Given records —
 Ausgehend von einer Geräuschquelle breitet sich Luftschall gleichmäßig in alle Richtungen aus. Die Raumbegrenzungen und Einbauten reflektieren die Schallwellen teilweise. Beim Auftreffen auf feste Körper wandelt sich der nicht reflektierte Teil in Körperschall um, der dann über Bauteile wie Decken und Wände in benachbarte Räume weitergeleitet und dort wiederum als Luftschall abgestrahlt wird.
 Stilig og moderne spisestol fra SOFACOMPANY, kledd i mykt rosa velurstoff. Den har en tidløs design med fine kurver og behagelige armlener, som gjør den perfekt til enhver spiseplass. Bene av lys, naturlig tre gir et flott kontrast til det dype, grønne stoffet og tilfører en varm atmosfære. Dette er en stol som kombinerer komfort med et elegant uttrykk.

==

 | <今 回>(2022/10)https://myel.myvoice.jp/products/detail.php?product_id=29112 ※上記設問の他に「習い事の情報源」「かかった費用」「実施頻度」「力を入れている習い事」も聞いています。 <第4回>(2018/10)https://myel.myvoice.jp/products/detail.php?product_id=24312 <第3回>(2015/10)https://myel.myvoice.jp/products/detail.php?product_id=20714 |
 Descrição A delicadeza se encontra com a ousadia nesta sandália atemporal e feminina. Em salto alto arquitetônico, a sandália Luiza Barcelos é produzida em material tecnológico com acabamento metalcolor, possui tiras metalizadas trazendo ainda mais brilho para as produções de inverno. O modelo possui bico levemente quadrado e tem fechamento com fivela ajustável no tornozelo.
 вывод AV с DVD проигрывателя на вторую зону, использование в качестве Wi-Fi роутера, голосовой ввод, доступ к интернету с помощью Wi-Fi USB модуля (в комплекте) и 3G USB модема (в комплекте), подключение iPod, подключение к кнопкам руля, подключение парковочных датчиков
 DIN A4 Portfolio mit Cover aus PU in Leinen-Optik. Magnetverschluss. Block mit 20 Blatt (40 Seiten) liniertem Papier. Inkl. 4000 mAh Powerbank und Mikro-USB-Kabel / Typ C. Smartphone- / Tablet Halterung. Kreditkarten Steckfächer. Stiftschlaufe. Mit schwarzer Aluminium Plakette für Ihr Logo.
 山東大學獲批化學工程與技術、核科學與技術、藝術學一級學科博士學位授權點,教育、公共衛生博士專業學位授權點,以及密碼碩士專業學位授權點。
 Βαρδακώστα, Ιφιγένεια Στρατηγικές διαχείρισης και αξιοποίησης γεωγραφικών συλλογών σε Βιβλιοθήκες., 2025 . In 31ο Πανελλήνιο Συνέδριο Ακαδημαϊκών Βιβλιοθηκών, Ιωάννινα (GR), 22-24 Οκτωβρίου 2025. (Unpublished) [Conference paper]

Task brief — As listed above, the lines from the line with "Ausgehend von einer" to the line with "Stilig og moderne" are to be echoed exactly, with both ends included and nothing added.

Reply —
 Ausgehend von einer Geräuschquelle breitet sich Luftschall gleichmäßig in alle Richtungen aus. Die Raumbegrenzungen und Einbauten reflektieren die Schallwellen teilweise. Beim Auftreffen auf feste Körper wandelt sich der nicht reflektierte Teil in Körperschall um, der dann über Bauteile wie Decken und Wände in benachbarte Räume weitergeleitet und dort wiederum als Luftschall abgestrahlt wird.
 Stilig og moderne spisestol fra SOFACOMPANY, kledd i mykt rosa velurstoff. Den har en tidløs design med fine kurver og behagelige armlener, som gjør den perfekt til enhver spiseplass. Bene av lys, naturlig tre gir et flott kontrast til det dype, grønne stoffet og tilfører en varm atmosfære. Dette er en stol som kombinerer komfort med et elegant uttrykk.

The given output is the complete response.